According to my experiment results, it concluded that our heart rates intend to increase the
longer we are active. In order for my data to be the most accurate as possible, I measured my
heart rate before, in the middle and immediately after the warm up. As mentioned before, it
has informed me that the longer I am exercising/being active, the higher my heart rate gets
going along. I did not interpret this in my data table but I had myself run 250 meters after
the warm up to see how the warm up affects my performance. Although I did not include
that in my results/data table, it defined that the longer my warm up is, the faster I am
running those 250 meters. In order to be more specific, my warm up was a full body warm
up. I thought if I did that specific type of warm up, it would make my whole body be active
which would increase the degree of accuracy. It would also benefit your performance since
you are warming up your whole body which means the levels of getting injured in whatever
exercise or sport you are doing later on would be decreasing which is good. Especially when
you are training on something that requires muscle strengthening, if you do not warm up
your muscles beforehand, it can cause a muscle injury such as pulling a muscle which can
lead to being a big injury which is why we want to prevent that. In conclusion, I think it is
important for all people to know how warm ups and how long they are can affect your health
and heart rate so they are aware of what to do and what not to do.

IDU reflection:
During this experiment, I wanted to investigate how the length of my warm up affects my
heart rate.
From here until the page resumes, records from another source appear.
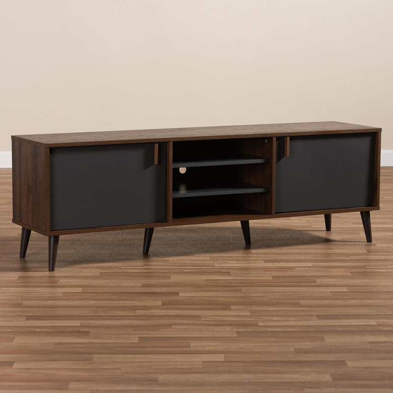 Desain minimalis simpel dengan 2 laci penyimpanan serta memiliki kaki ramping khas retro style menjadiaknya semakin modern dan trendi. Terbuat dari bahan utama kayu jati pilihan berlapis wood finsihing warna walnut brown. Namun pada bagian daun laci penyimpanan terbuat dari bahan kayu mahoni oven dengan lapisan duco finishing warna grey (abu-abu). Sehingga menjadiakan tampilannya semakin modis, dan pastinya sangat cocok sekali untuk pelengkap furniture rumah gaya masa kini.
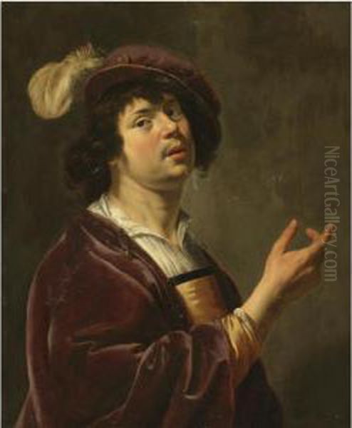 A Young Man, Half-length, Wearing A Burgundy Jacket And A Feathered Cap
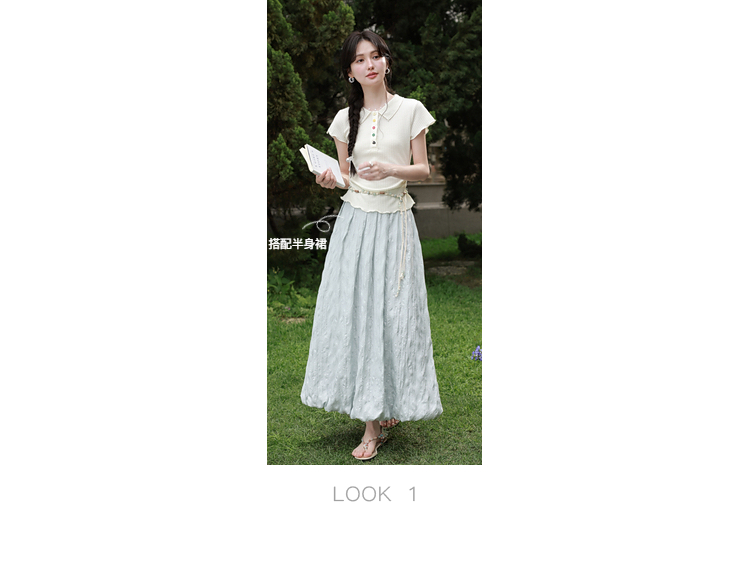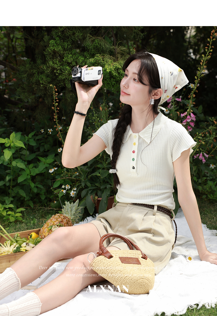 鹿向南「漫夏云茉」杏色POLO领正肩短袖T恤女夏季甜美木耳边上衣
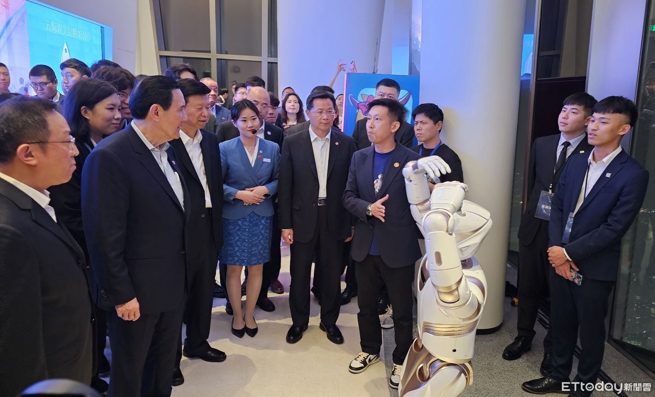 前總統馬英九今(1)日在晚宴結束後,在國台辦主任宋濤等官員陪同下,觀看約1000台無人機進行表演。緊接著,一行人前往深圳最高樓「平安金融中心」,與台青交流和瞭解當地科創企業,現場有人形機器人雙臂「比心」,喊出「愛你們唷」。
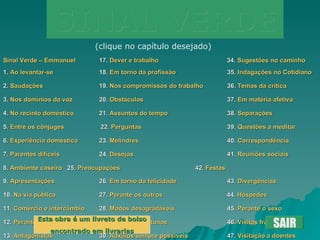 1. O documento apresenta um livro com 50 capítulos que fornecem conselhos e orientações sobre como ter uma vida pacífica e harmoniosa através de atitudes e comportamentos positivos nas relações interpessoais no âmbito doméstico e social.
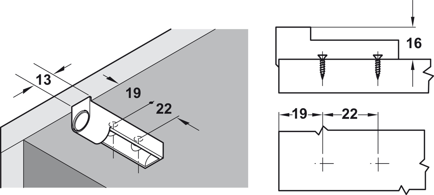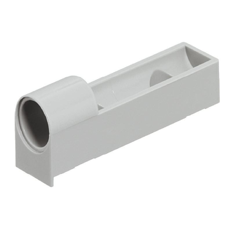 Placa adaptadora lineal gris para amortiguadores de puertas 10mm. Plástico con ayuda de posicionamiento integrada. Montaje atornillado. Base precisa para topes y amortiguadores en sistemas de puertas abatibles.
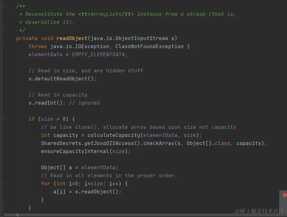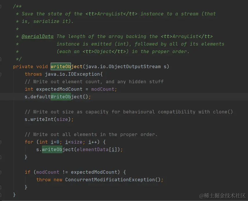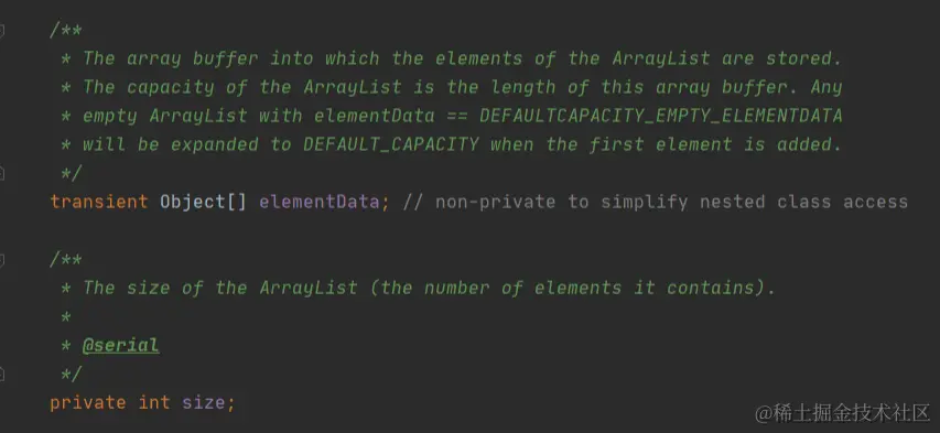 - ** 元素对象不支持序列化。elementData 是被transient关键字修饰的,不可被序列化的,它自己实现了writeObject()和readObject()方法**
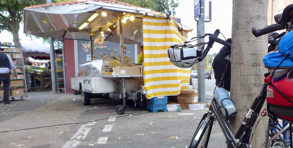 In a strip mall along the trail we found a kind of gourmet shop to buy pate, cheese, and wine. Next door was a bakery. We carried the supplies on the bicycle for a while.
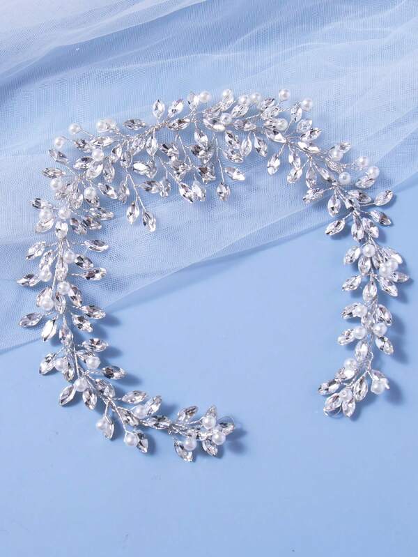1pc Ladies' Handmade Beaded Headband With Rhinestone & Pearls, Versatile Hair Accessory For Wedding
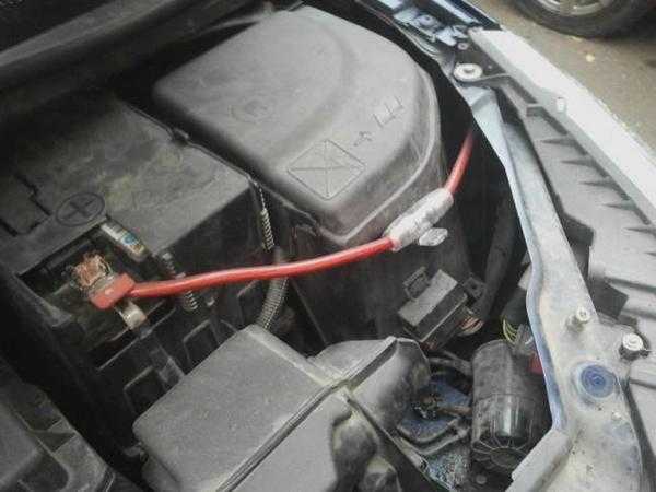 Положительный контакт можно скрыть за салонной обивкой или пластиковыми накладками на порогах машины. Желательно по всей длине его фиксировать с помощью пластиковых хомутов. В подкапотном пространстве соответствующий кабель с положительным контактом монтируем с плюсовой клеммой или в разъем к одному из проводов, соединяющихся с «плюсом». Обезопасить схему нужно, врезав перед подключением держатель с предохранителем.
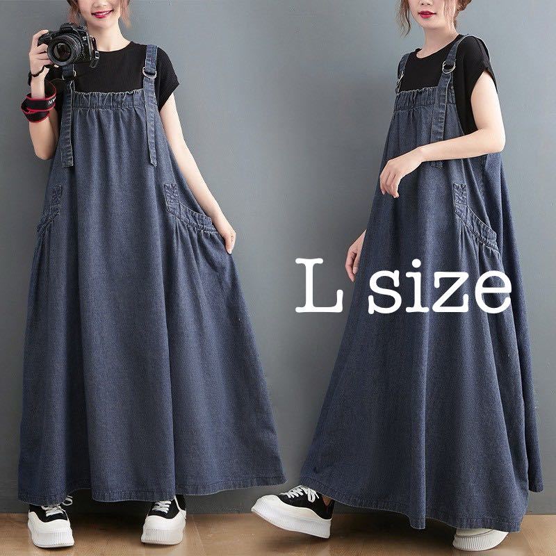 - ロングワンピース ワイド サロペット ロングスカート デニム ワンピース オーバーオール 体型カバー ネイビー L
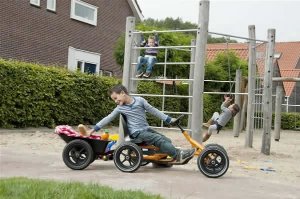 Este remolque tiene las ruedas de neumático, es fácil de enganchar a los coches de pedales y es fuerte.
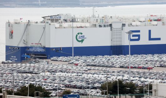 경기 평택시 포승읍 평택항에 수출용 차량이 세워져 있는 모습. /뉴스1 |
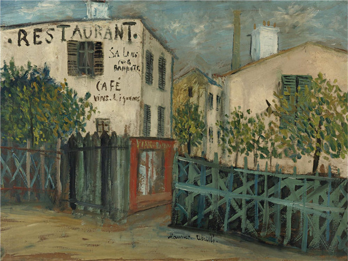 简介: 莫里斯·乌特里略(Maurice Utrillo)的绘画-蒙马特山上的餐馆The Restaurant on the Hill Montmartre, 1914
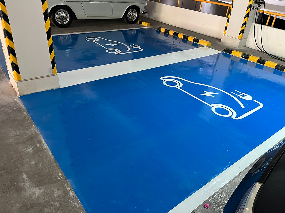 - งานทาสีพื้นช่องจอดรถ EV- งานตีเส้นตัดสี

I reached this goal and came to a conclusion by testing my hypothesis and making
a training plan in order to do my experiment and collect data to test my hypothesis. I think it
went successfully since this was harder than a normal lab report. We had to include two
different subjects such as science and physical and health education which are different. For
example, in science we learned about how the heart works and how it is connected to our
lungs and how we breathe everyday. And for PHE, we learned about all the fitness
components, how they affect our health and how our heart rate takes place in the body. For
this Lab report, we focused on cardiovascular fitness. Those two different topics did make a
connection together because of the heart being connected to your cardiovascular fitness and
your health but it was hard to work with two different subjects. But in conclusion, I
managed to mix those two subjects in order to produce a lab analysis that connects to both
subjects/topics. When learning about this in both subjects, it has taught me how we can
breathe and how our lungs and heart work in different ways. Most importantly, this has
taught me to be cautious when being active, to warm up before to prevent injuries. All this
information will help remind me to have good warm ups before activities to prevent injuries
and to do my best in my performance.

References (in MLA format):

Works Cited

Eric. “Exercise Safety Tips.” Premier Family Medical, Premier Family Medical, 19 Sept.

2018, premierfamily.net/exercise-safety-tips/.

unknown. “An Easy 10-Minute Cardio Warm Up.” An Easy 10-Minute Cardio Warm Up |

Planet Fitness, COMMUNITY@PF, 2021,

www.planetfitness.com/community/articles/easy-10-minute-cardio-warm.

unknown. “Exercise Safety.” Better Health Channel, Department of Health, State

Government of Victoria, 2020,

www.betterhealth.vic.gov.au/health/healthyliving/exercise-safety.